The convention of having the command shell replace "*" with a list of all matching files in the current folder[1] only in is... well.

I understand how it's useful for really basic core file utilities.

For anything that needs to do recursive directory-searches, though, it really gets in the way and raises the bar for what the user has to know in order to make use of CLI in Linux.

I just now had a long conversation with an advanced bash user[2], and apparently there really is no way to get this information without setting an option in bash before running a command (and then presumably unsetting it afterwards, so as not to break other programs).

Just... why.

#softwareGripe

[1] ...and *only* the current folder... and only including folders that match the same pattern -- like "*.rb" would include a folder named "foldername.rb", which pretty much never happens

[2] Much thanks to sophia kara for hashing through this with me. I was very grumpy about it.

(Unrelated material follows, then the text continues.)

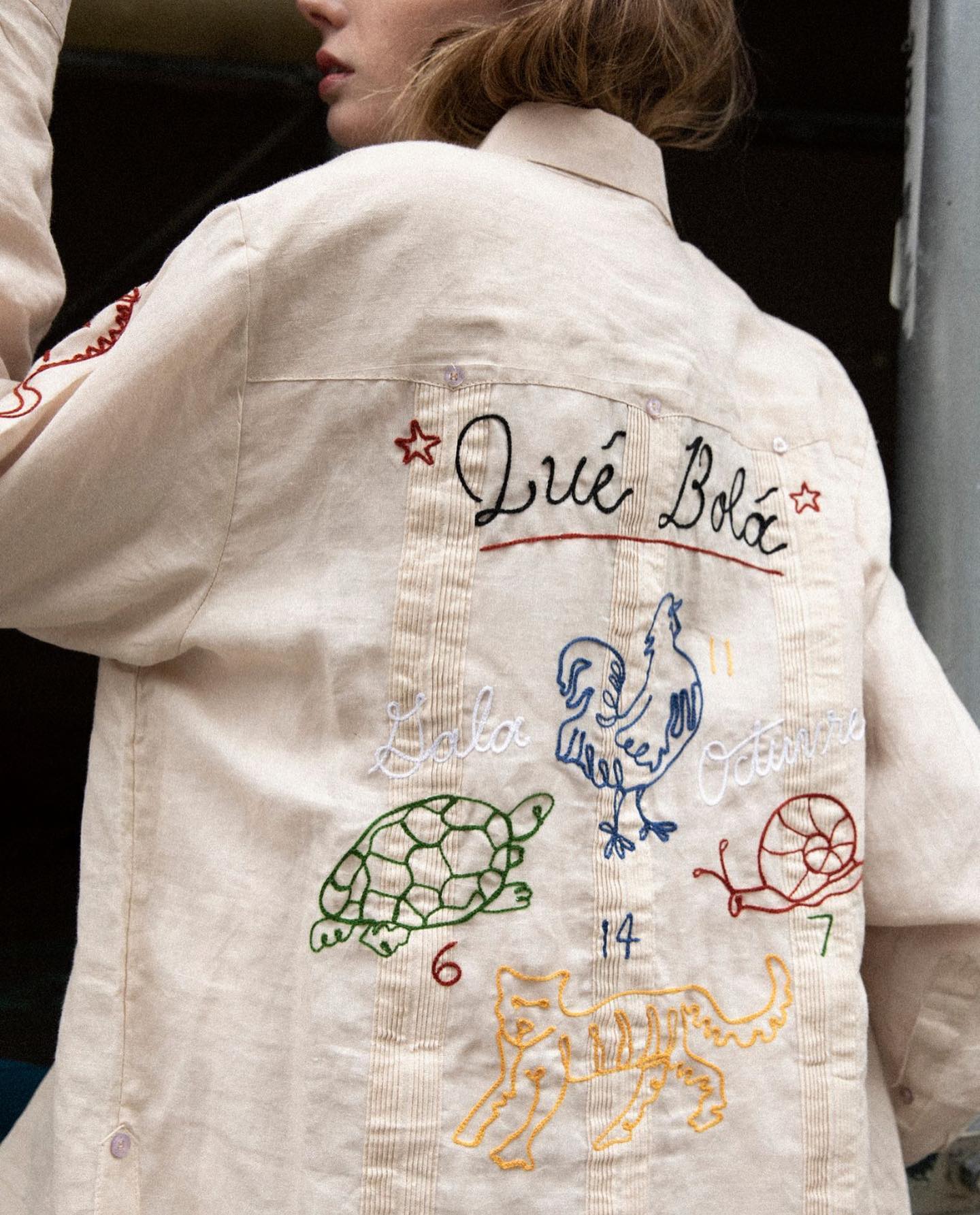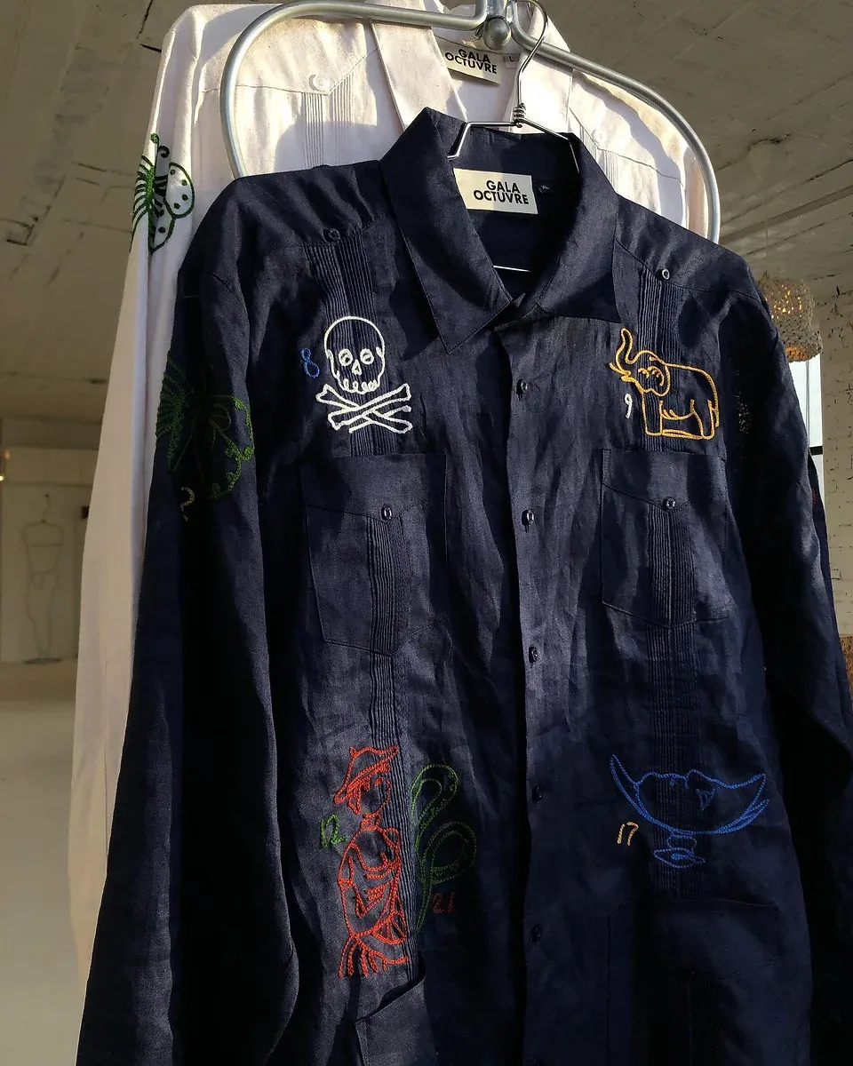 Ana at Gala Octuvre, a first-generation Cuban-American woman, combines custom chain-stitch embroidery with a piece of her own heritage—the linen guayabera.

@woozle 1. What option is this?

2. Globbing is a convenience, but generally *Not Good Programming Practice*.

3. find | read or find | xargs is probably what you want. More specifically:

while find . <args> | read file do; echo ">>> $file <<<"; <processing on file>; done

I like to echo the name of the file(s) found, first, both as a verification of the find command/results, and as a progress indicator.

@dredmorbius

#1: I've documented my findings -- https://htyp.org/bash/globbing

#2: Hard agree -- especially when there's no way to access the raw information (without making the user jump through extra hoops to provide it).

#3: I'd consider this an "extra hoop".

It seems to me that bash needs to be patched to provide the information in the execution environment. It already provides all kinds of other information of more dubious value, e.g. the format of the command-prompt, so why not this?

@woozle Bash is (at least) two things:

1. An interactive command environment.

2. A scripting tool.

The *benefit* of combining these features is that _what you use daily to interact with the system_ is *also* what you can use _for basic system automation tasks_.

In fact you can segue from one to the other through "shell one-liners" and the like. As a consequence, bash is the one programming tool I know best, _simply from daily familiarity_.

The combination also forces compromises.

1/

@woozle For a very minor bit of up-front setup, you gain the ability to repeat a process tens, hundreds, thousands, millions, ... of times. Monotonously, until completion.

With highly predictable, testable, behaviour.

That's been especially useful to me over the years.

Keep in mind that globs expand *onto the commandline buffer*, which is itself a limited resource (how limited depends on the shell and OS).

Loops ... not so much.

Reading my G+ takeout is a case in point.